Вечером глаза становились больше и чуточку на выкате это мозг, разбухший до приятного безобразия, слегка выдавливал глазные яблоки наружу, уши вечером тоже более обычного лопушились и все из-за мозга расслабленного приглушенной тишиной уходящего дня, полумраком улиц и площадей, прохладой комнат и домашней шерстяной одеждой. Вечером думалось легче, масштабней, я бы даже сказал мудрее и глубже, рождались грандиозные планы, возникали сказочные сюжеты и удивительные персонажи…

То вдруг выстраивались в ряд многометровые боевые черепахи-тортиллы, клеенчатыми чешуйчатыми мордами они щерились в пустоту комнаты лязгая всевозможным оружием, закрепленным на их потертых от сражений и скитаний панцирях. Боевые тортиллы хорами мурлыкали бравурные гимны своего непобедимого войска. Ровными шеренгами маршировали мимо писателя орды боевых черепах, вот легкие низкорослые молодые черепашата в касках напоминающих детские ведёрки, вооружение: луки, стрелы, копья и заточенные, как лезвия, алебарды. Вот поплотнее шеренга эти неповоротливые тягловые черепахи несли на своих спинах тяжелые тупоголовые в резных древесных чехлах ракеты и снаряды. Тех сменяли тортилльи женского рода с бело красными шляпками на головах, причудливыми узорами расписанные женские черепашьи лица, тонкие быстрые черепахи из медицинского корпуса, и из сектора изящной смерти. Колонны двигались мимо меня, черепахи маршировали так величественно и с таким достоинством и преклонением, что Писатель чувствовал себя натуральным черепашьим царем принимающим парад верных подданных. Ур-ур-ур-ур четырехкратное мурлыкающе приветствие эхом удаляющихся голосов растворилось в туманном облаке.

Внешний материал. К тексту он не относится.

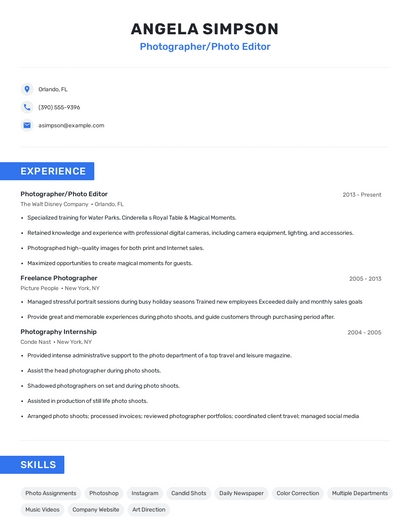 Build a professional photographer/photo editor resume in minutes. Browse through our resume examples to identify the best way to word your resume. Then choose from 5+ resume templates to create your photographer/photo editor resume.

То окружали повсюду, размером с лесного муравья малюсенькие добрые колдуны сотни тысяч маленьких существ, в крохотных колпачках на головах и плащах размером с копеечку размахивали еще более микроскопическими полупрозрачными волшебными палочками, готовые в секунду исполнить любое, но малюсенькое, как и сами волшебники, твоё желание. Серебряный искрящийся блеск вокруг их фигур приятно слепил глаза Писателя сквозь толстые стекла защитных очков в деревянной грубой оправе.

Вооружившись сотнями карандашей, ручек и перьев, Писатель, потея и напрягаясь записывал все, что появлялось вокруг него, под ним, над ним или даже в нем. Сломанные карандаши летели в сторону, закончившиеся ручки в корзину, ловко выхватывая чистые листы бумаги он до боли в пальцах и до мозолей на локтях фиксировал сюжеты магических турниров и интеллектуальных игр, записывал сценарные планы сказок, зарисовывал схемы волшебных лабиринтов, подземелий и замков.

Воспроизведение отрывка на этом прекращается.